PROBLEM STATEMENT: If the records below hold pictures, omit them, and print exactly the lines from the first line through the line containing "This green bomber", inclusive.

Records from a data collection:
::::
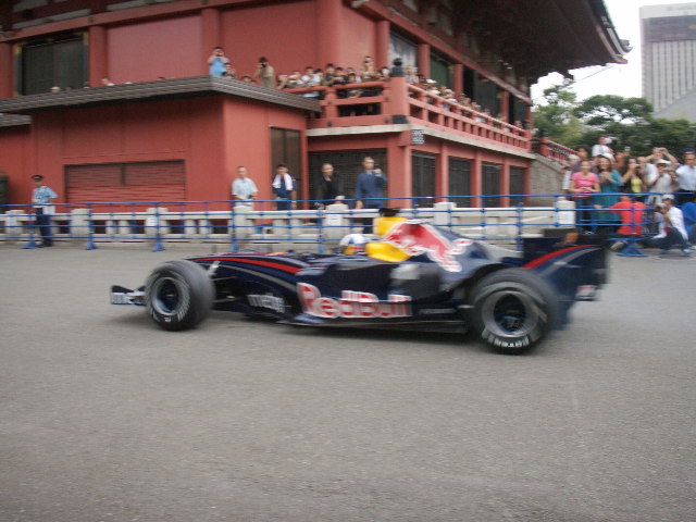 浅草と言えば浅草寺。今回のイベントも、浅草寺で「日本GPでの安全と入賞祈願」をレッドブルチームが行う」と言うのがそもそもの趣旨で、そのついでに浅草寺前の仲見世通りなどをパレードして、実車もお披露目するとの内容でした。「入賞祈願」ってのがちょっと現実主義的でオカシイね(笑)。「優勝祈願」でいいのにね。
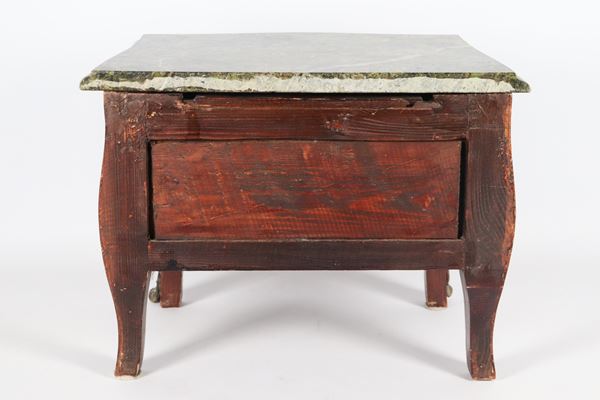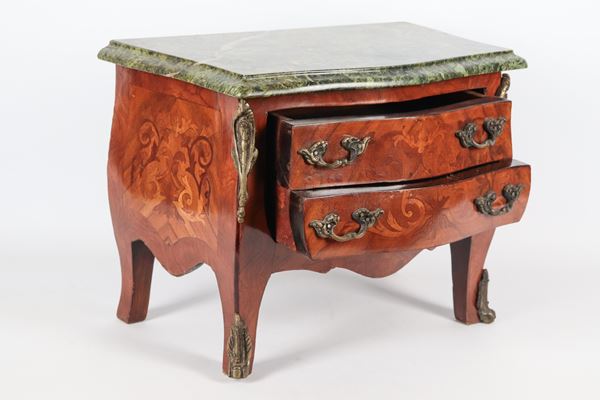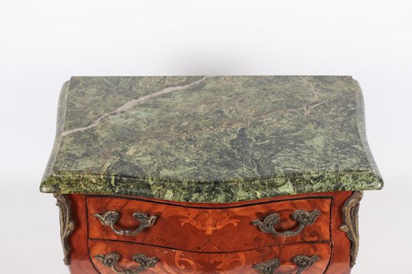 Antique model of a French Louis XV chest of drawers in rosewood, with floral scroll inlays, two drawers and a green marble top
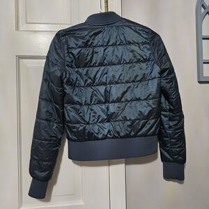 This green bomber jacket features a classic quilted design with ribbed collar, cuffs, and waistband for a snug fit. Its cropped length and padded appearance make it a stylish yet practical choice for cooler weather. The jacket's sleek and minimalistic design ensures it pairs effortlessly with various outfits.
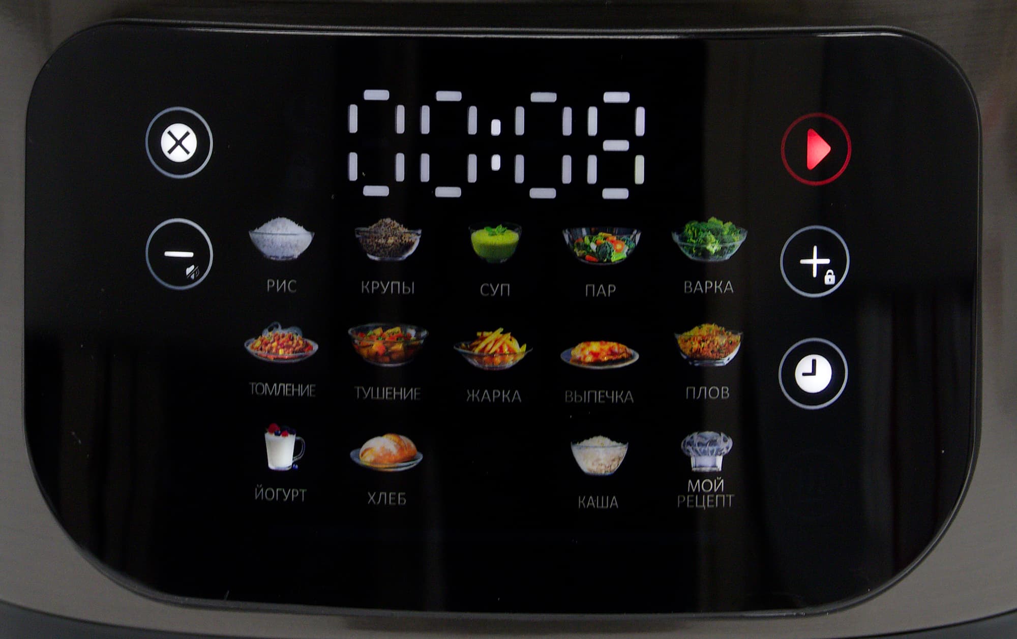 Теперь перечислим кнопки выбора автоматических программ: рис, крупы, суп, на пару́, кипячение/варка, тушение, томление, жарка, выпечка, плов, йогурт, хлеб, паста, молочная каша.
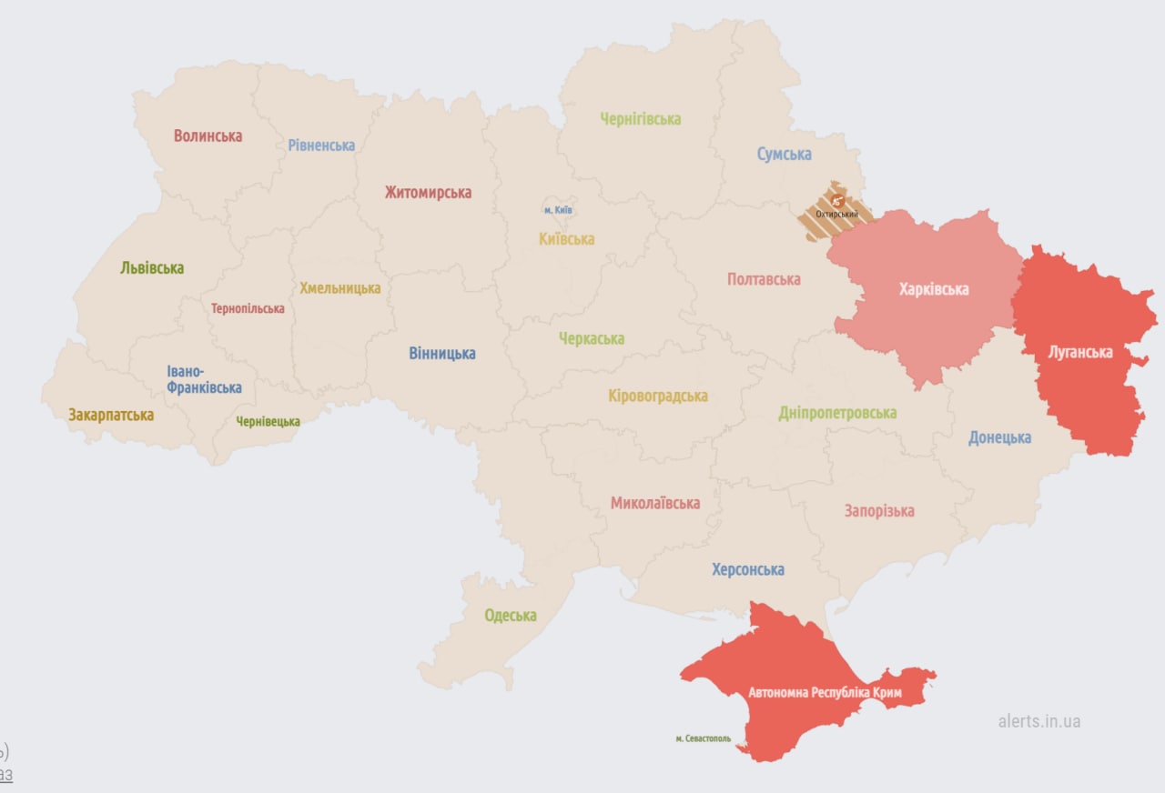 22.56 Воздушная тревога в Днепропетровской и Запорожской областях.
::::
SOLUTION:
 浅草と言えば浅草寺。今回のイベントも、浅草寺で「日本GPでの安全と入賞祈願」をレッドブルチームが行う」と言うのがそもそもの趣旨で、そのついでに浅草寺前の仲見世通りなどをパレードして、実車もお披露目するとの内容でした。「入賞祈願」ってのがちょっと現実主義的でオカシイね(笑)。「優勝祈願」でいいのにね。
 Antique model of a French Louis XV chest of drawers in rosewood, with floral scroll inlays, two drawers and a green marble top
 This green bomber jacket features a classic quilted design with ribbed collar, cuffs, and waistband for a snug fit. Its cropped length and padded appearance make it a stylish yet practical choice for cooler weather. The jacket's sleek and minimalistic design ensures it pairs effortlessly with various outfits.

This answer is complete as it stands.